Building of the global movement for health equity: what health care can do

ScienceDirect – The Lancet : Building of the global movement for health equity: from Santiago to Rio and beyond – Thanks to @katellington for sending this my way.

Contained within is a concise statement of where health care fits into social determinants. Worth a read to see what’s new in social determinants. And from the read, social determinants is more new than I thought….

…. there are three important roles for the health-care system (webappendix p 1). First is to ensure universal access to high-quality care, with increased focus on prevention and health promotion.13 Second, people in the health sector—from the Minister of Health to primary care professionals and medical and health organisations—should be the advocates for action on social determinants of health. There are good examples of cooperative working between health and other sectors.
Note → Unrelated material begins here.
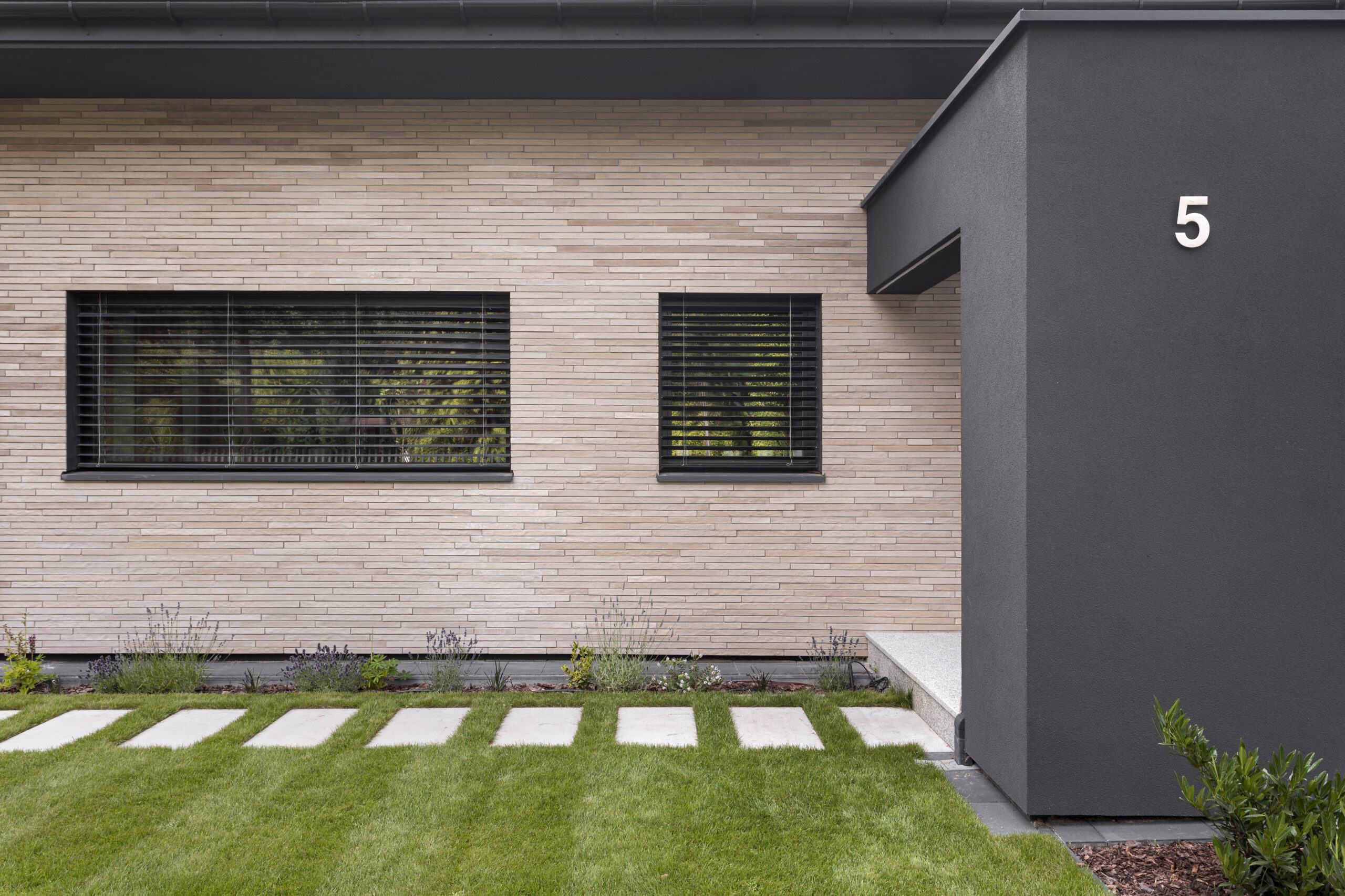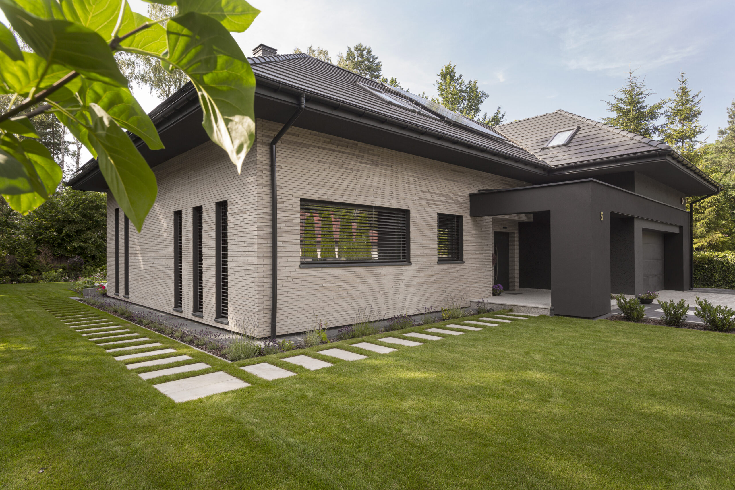 Na pewno w elegancji – niewymuszonej, takiej “wakacyjnej”. Zestawienie beżu i grafitowych elementów wykończeniowych, niegdyś szokujące, dziś należy już do kanonu. Inwestorzy zdecydowali się na odważny zabieg, polegający na wizualnym podziale bryły domu na dwie części – jedną obłożoną naszymi cegiełkami i drugą, gładko wykończoną kontrastowym, ciemnym tynkiem. W ten sposób bryła nabrała dynamiki, a poziome ułożenie płytek zarówno na elewacji, jak i ogrodzeniu sprawiło, że całość wydaje się mocno rozciągnięta horyzontalnie. Rozłożysta, zupełnie jak śródziemnomorskie wille.

Third, ensure that routine monitoring systems are in place for health equity and the social determinants of health, undertake evaluation of policies on these topics, and increase the knowledge base.
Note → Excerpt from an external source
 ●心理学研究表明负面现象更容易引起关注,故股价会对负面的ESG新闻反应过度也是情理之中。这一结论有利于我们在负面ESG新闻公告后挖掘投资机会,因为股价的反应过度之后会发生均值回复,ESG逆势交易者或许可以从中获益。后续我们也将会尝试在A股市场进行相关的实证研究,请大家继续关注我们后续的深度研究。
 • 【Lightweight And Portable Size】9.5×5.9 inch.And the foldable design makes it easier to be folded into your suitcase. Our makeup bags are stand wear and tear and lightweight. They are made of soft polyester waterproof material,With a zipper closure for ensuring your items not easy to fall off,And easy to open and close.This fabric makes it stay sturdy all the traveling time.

Now Reading: Understanding the science of life expectancy #SDOH

The concept of tracking life expectancy as a measure of a society’s health hasn’t been a part of my (should I say most?) physician’s experience – it’s just been a yearly announcement on a news show. When I went to England in 2010 I was impressed that it’s much more deeply thought of (see below), and more recently in my social determinants reading, as a key metric to understand social determinants of health.

It’s done in the lead in on this paper:

In the Washington, D.C., metropolitan area, for example, there is a nine-year increase in life expectancy as one takes the subway ride on the Blue Line from downtown Washington to Fairfax County, Virginia.

I decided to dig deeper and reviewed the paper referenced in this post, and I was immediately taken aback by this piece of information:

Tracking county disparities after 2002 until 2009 was impossible, because the US government did not release county-level mortality data during this time period.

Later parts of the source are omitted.